In this article, I will discuss how AI tools can aid OSINT researchers in enhancing their capabilities during OSINT gathering activities. The article will mention use cases and give links to AI-powered tools that can help OSINT gatherers during their search. However, before we start, it is worth noting the main benefits of using AI in OSINT investigations.
How can AI technology assist OSINT gatherers in their work?

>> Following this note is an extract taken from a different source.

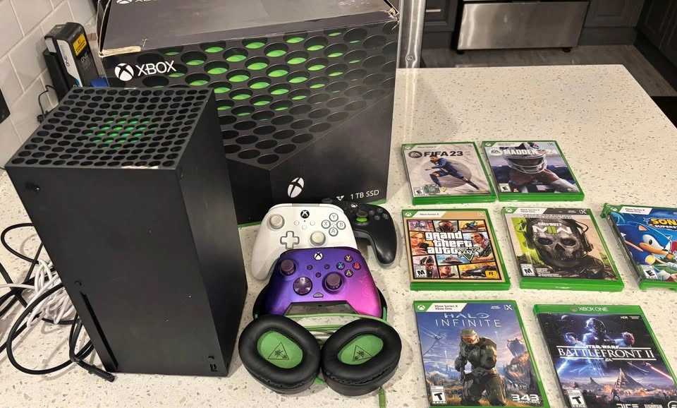 Selling my Xbox Series X console in like-new condition. Barely used and works perfectly. Includes: 🎮 Xbox Series X 1TB console (original box + power cable) 🎮 3 wired controllers 🎮 A collection of top games GTA 5 Halo infinite Call of duty, modern warfare 2 Madden 24 Sonic superstars Battlefront 2 FIFA 23 Smoke-free home. Everything is clean and fully tested—ready to plug in and play. Controllers all work perfectly. No scratches or damage, runs whisper-quiet. Asking: $700 or (best reasonable offer) Message me to arrange a time or for more details. Will consider a trade towards a new E bike

There are numerous cases when AI-powered tools can be leveraged in OSINT. Before I list some tools, let me introduce the various use cases that OSINT researchers can benefit by using AI-powered tools in their gathering activities:
Web scraping activities
AI techniques can be used to harvest large volumes of online data from various sources, such as social media platforms, blogs, discussion forums and deep internet databases. The collected information can be used later in different scenarios, such as tracking entities over time or monitoring public behaviors over some time. Machine learning models can be trained to harvest specific types of information, such as people's comments and replies on social media to extract them automatically.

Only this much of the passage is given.